Cutting Pell Grants Is Unnecessary and Unwise

December 21, 2011 at 11:18 am

The appropriations agreement for fiscal year 2012 that Congress finalized last weekend included some harmful changes to the federal Pell Grant program, which helps nearly 10 million low- and moderate-income students afford college.  While the deal omits the most severe Pell Grant cuts in an earlier House-approved bill, it will still make it harder for many low-income students to afford college.

The Institute for College Access & Success (TICAS) estimates that more than 100,000 students will lose their Pell Grant entirely next year because of a retroactive cut in the number of semesters for which a student can receive a Pell Grant; thousands more will lose part or all of their grant due to other provisions in the appropriations agreement.

Pell Grants have been under pressure in this year’s budget process, for two reasons.  First, the Budget Control Act placed restrictive caps on overall discretionary funding starting in 2012, forcing Congress to find savings among these programs.  Second, Pell Grants in 2012 require an additional $1.3 billion over the 2011 funding level in order to continue serving all of the students who qualify.
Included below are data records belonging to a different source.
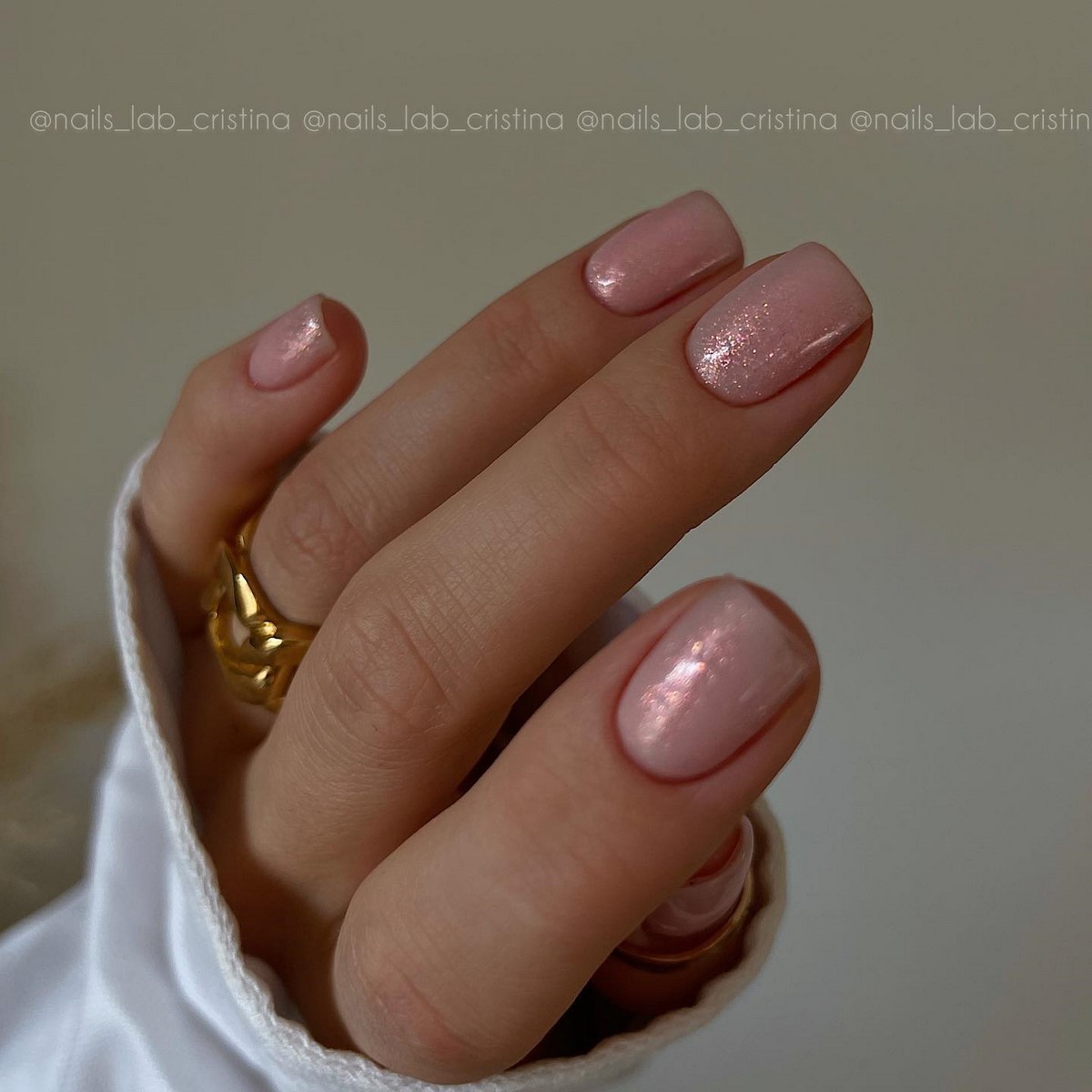 Рожевий в зимовому сезоні 2025-2026 представлений у вигляді «цукрової пудри» або «фруктової води» — з м’яким мерехтінням, глітером або оксамитовим фінішем. Такий манікюр надає рукам свіжості та легкості, ідеально підходить для зимових буднів і святкових днів.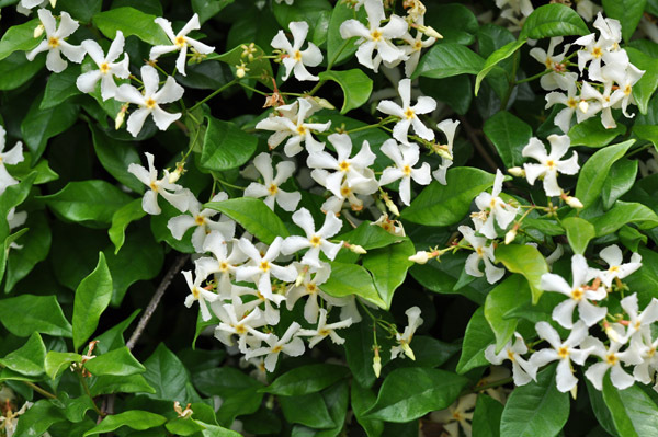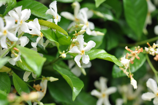 プロペラのような、風車のような白い5片の花びらが風に揺れてジャスミンのような芳香が漂います。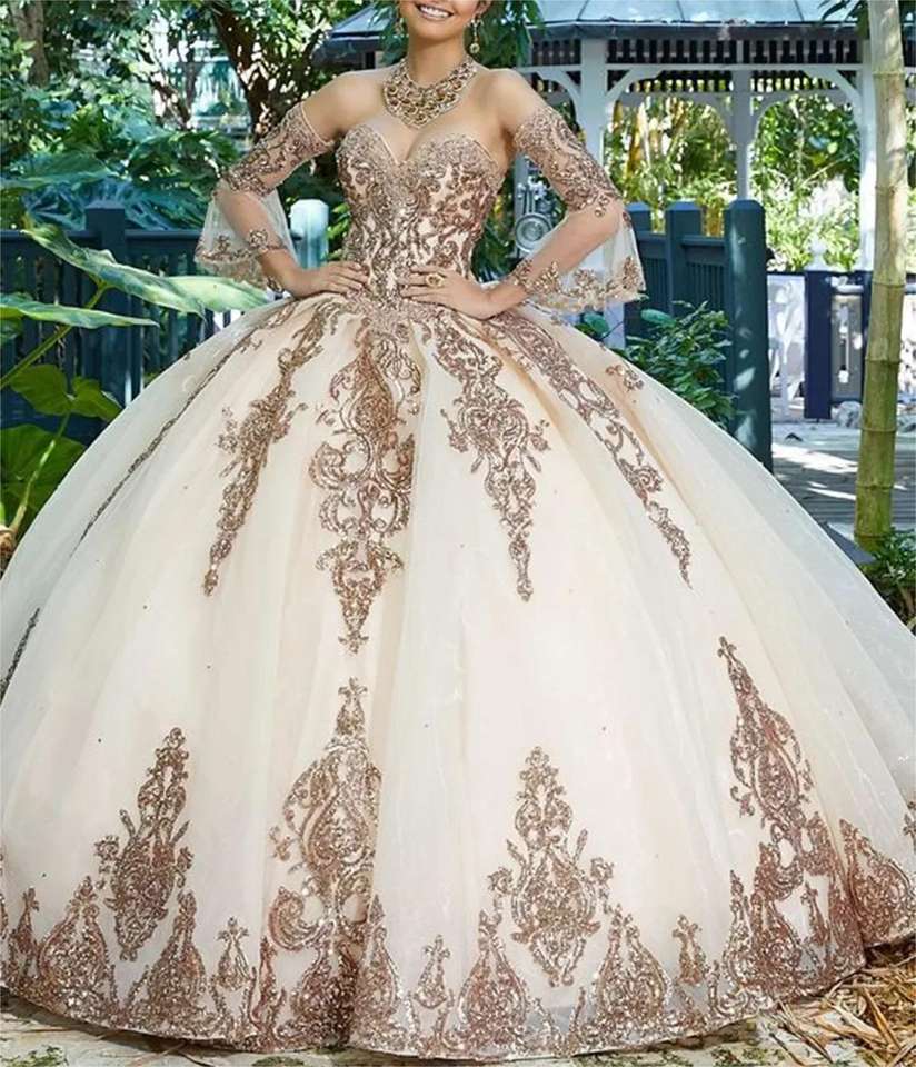 Nuovo Abito da Quinceañera su Misura, Stile Champagne, Vestito da Ballo con Scollo a Cuore in Tulle, Abito Vintage per Festa Serale, Vestito per 15 o 16 Anni

Responding to these pressures, lawmakers cut Pell Grant eligibility in ways that will reduce the level of annual appropriations needed for the program by an estimated $11 billion over the coming decade.  The Pell Grant changes contained in the new legislation, which will take effect July 1 (and thus affect students starting with the 2012-13 academic year), will:

  • Cut the number of full-time semesters for which a student can receive a Pell Grant from 18 to 12. This provision is retroactive, so any students who have received grants for 12 semesters will be ineligible for more, even if they’re just a semester away from graduation.  Pulling the plug on these students’ grants will impose additional hardships and likely prevent some of them from finishing college.
  • Make people who lack a high school diploma or equivalent ineligible for all federal student aid programs, including Pell Grants, even if they have completed the requisite testing or obtained the needed credits for their post-secondary program.
  • Cut the income ceiling below which students automatically qualify for the maximum Pell Grant from $32,000 to $23,000. The automatic qualification simplifies the complex financial aid application process — which can discourage low-income students from considering college altogether — by allowing very low-income students to bypass some of the more complicated and cumbersome parts of the application form.  With this change, students in the $23,000-$32,000 range will no longer be eligible for automatic qualification.
  • Make ineligible for Pell Grants any students who would otherwise qualify for only a very small grant, usually because their families’ incomes are near the program’s eligibility ceiling.  (This Congressional Research Service report provides detail on the “bump” award, which this provision eliminates.)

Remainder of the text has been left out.